[[ EXERCISE MATERIAL open ]]
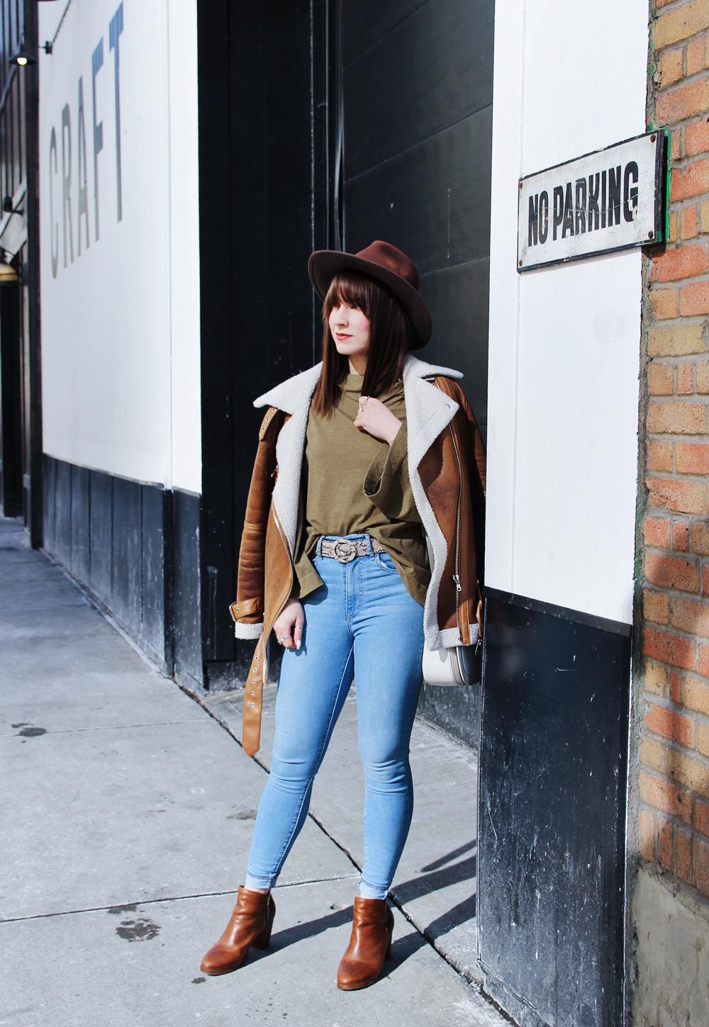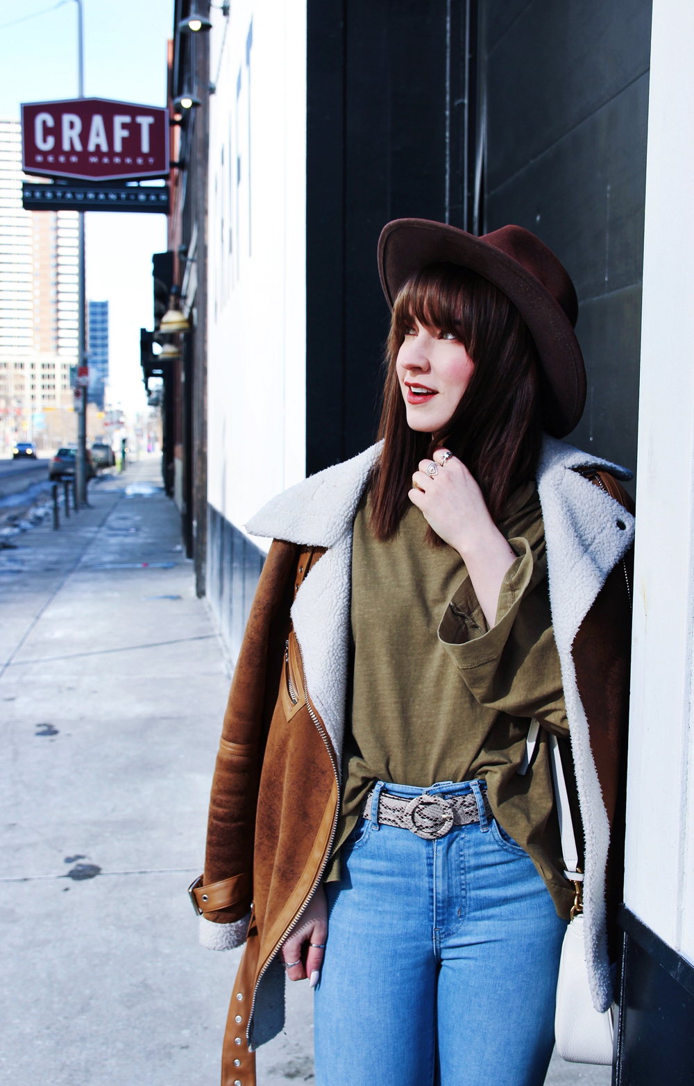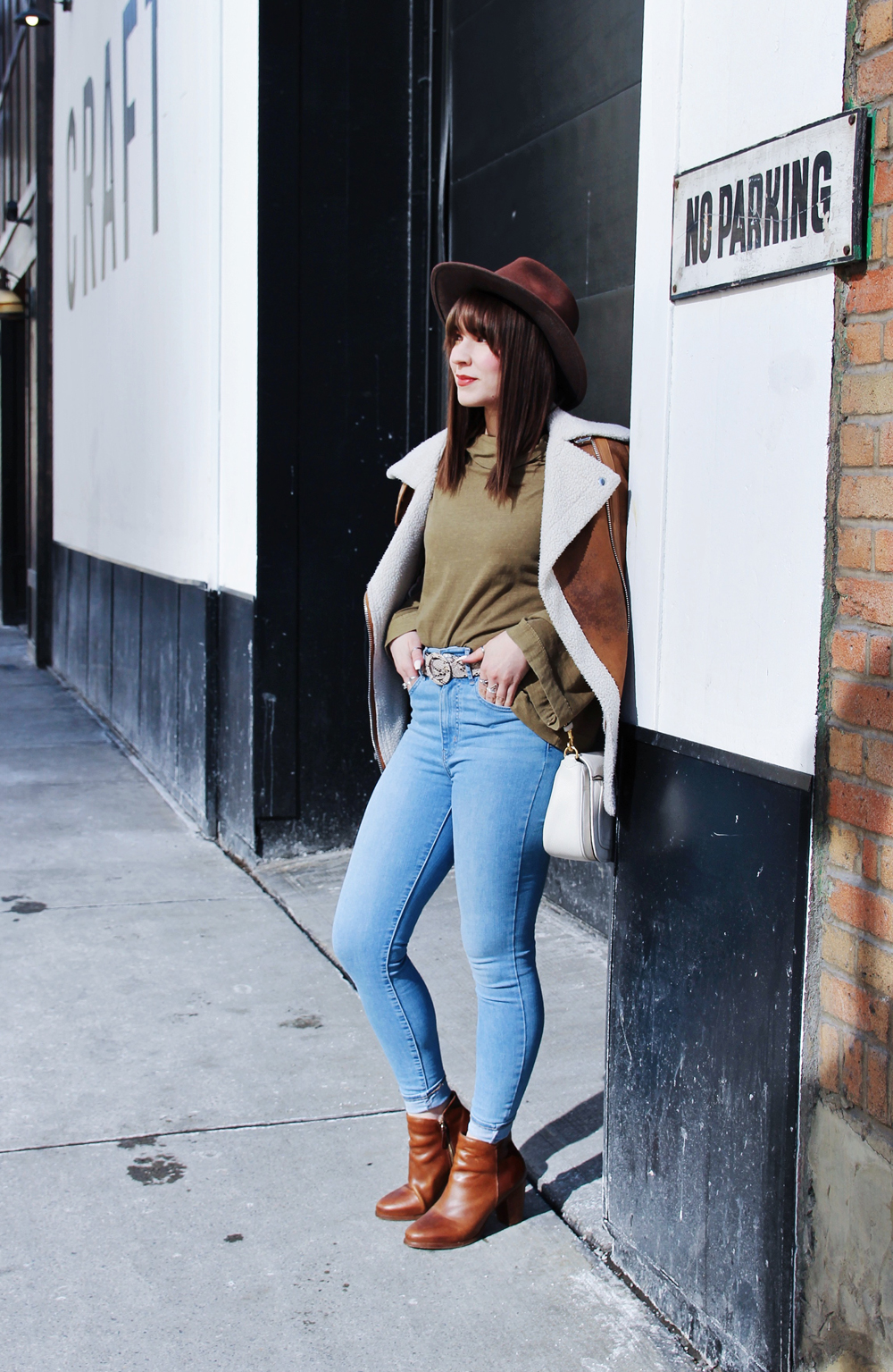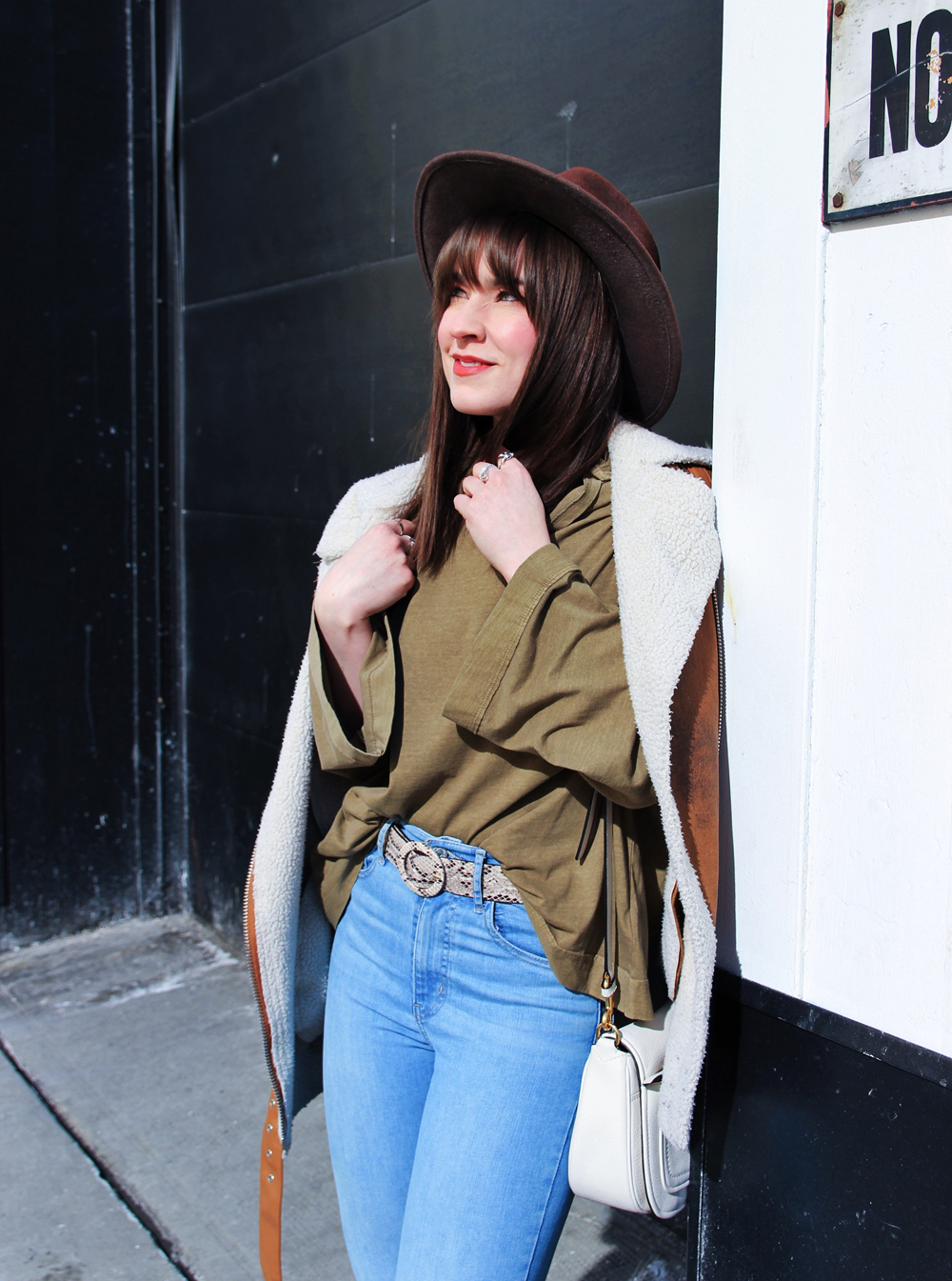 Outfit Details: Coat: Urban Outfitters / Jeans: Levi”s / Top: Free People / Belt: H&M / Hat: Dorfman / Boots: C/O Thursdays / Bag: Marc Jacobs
[[ EXERCISE MATERIAL closed ]]
[[ EXERCISE MATERIAL open ]]
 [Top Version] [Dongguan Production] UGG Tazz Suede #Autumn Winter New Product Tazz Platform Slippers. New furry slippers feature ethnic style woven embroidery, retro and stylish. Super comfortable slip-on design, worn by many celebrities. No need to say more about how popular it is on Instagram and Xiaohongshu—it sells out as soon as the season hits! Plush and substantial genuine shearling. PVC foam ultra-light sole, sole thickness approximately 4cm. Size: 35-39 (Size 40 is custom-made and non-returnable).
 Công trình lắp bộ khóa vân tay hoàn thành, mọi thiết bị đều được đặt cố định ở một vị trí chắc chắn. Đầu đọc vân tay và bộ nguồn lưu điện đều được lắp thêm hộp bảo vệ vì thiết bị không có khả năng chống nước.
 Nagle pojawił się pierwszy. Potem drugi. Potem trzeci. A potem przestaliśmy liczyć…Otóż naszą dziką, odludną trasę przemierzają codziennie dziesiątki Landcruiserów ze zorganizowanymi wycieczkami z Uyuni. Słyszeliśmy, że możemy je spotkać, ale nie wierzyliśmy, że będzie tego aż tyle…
[[ EXERCISE MATERIAL closed ]]
ASSIGNMENT: All lines above between those holding "[Top Version] [Dongguan" and "Nagle pojawił się", inclusive, must be set down unchanged, and no other line may be included.

WRITTEN ANSWER:
 [Top Version] [Dongguan Production] UGG Tazz Suede #Autumn Winter New Product Tazz Platform Slippers. New furry slippers feature ethnic style woven embroidery, retro and stylish. Super comfortable slip-on design, worn by many celebrities. No need to say more about how popular it is on Instagram and Xiaohongshu—it sells out as soon as the season hits! Plush and substantial genuine shearling. PVC foam ultra-light sole, sole thickness approximately 4cm. Size: 35-39 (Size 40 is custom-made and non-returnable).
 Công trình lắp bộ khóa vân tay hoàn thành, mọi thiết bị đều được đặt cố định ở một vị trí chắc chắn. Đầu đọc vân tay và bộ nguồn lưu điện đều được lắp thêm hộp bảo vệ vì thiết bị không có khả năng chống nước.
 Nagle pojawił się pierwszy. Potem drugi. Potem trzeci. A potem przestaliśmy liczyć…Otóż naszą dziką, odludną trasę przemierzają codziennie dziesiątki Landcruiserów ze zorganizowanymi wycieczkami z Uyuni. Słyszeliśmy, że możemy je spotkać, ale nie wierzyliśmy, że będzie tego aż tyle…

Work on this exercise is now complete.